Data records >>
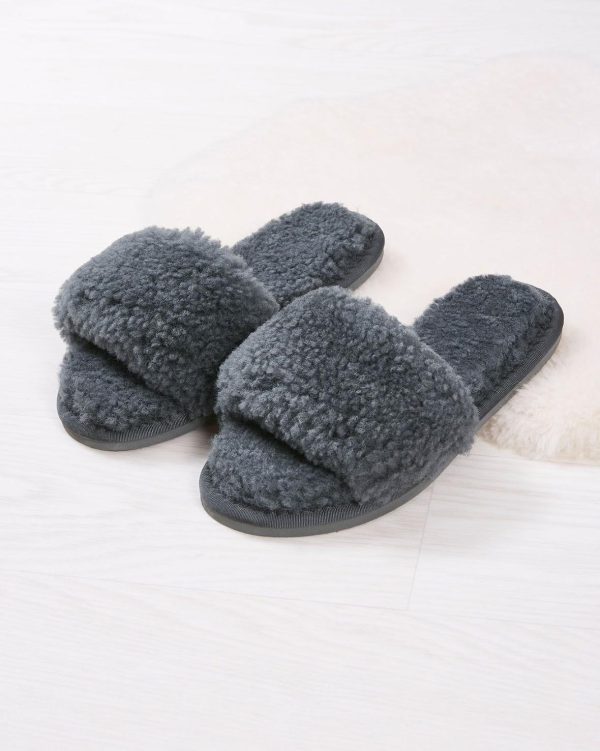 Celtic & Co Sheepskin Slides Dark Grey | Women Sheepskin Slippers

...

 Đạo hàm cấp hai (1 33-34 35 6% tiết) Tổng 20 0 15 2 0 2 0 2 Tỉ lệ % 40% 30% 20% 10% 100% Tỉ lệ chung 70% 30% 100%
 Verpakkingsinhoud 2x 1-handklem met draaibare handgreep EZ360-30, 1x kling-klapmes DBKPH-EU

Problem statement >>
Begin at the line that has "Đạo hàm cấp" in the entries above; stop after the line that has "Verpakkingsinhoud 2x 1-handklem". Transcribe exactly those lines and no others.

Solution >>
 Đạo hàm cấp hai (1 33-34 35 6% tiết) Tổng 20 0 15 2 0 2 0 2 Tỉ lệ % 40% 30% 20% 10% 100% Tỉ lệ chung 70% 30% 100%
 Verpakkingsinhoud 2x 1-handklem met draaibare handgreep EZ360-30, 1x kling-klapmes DBKPH-EU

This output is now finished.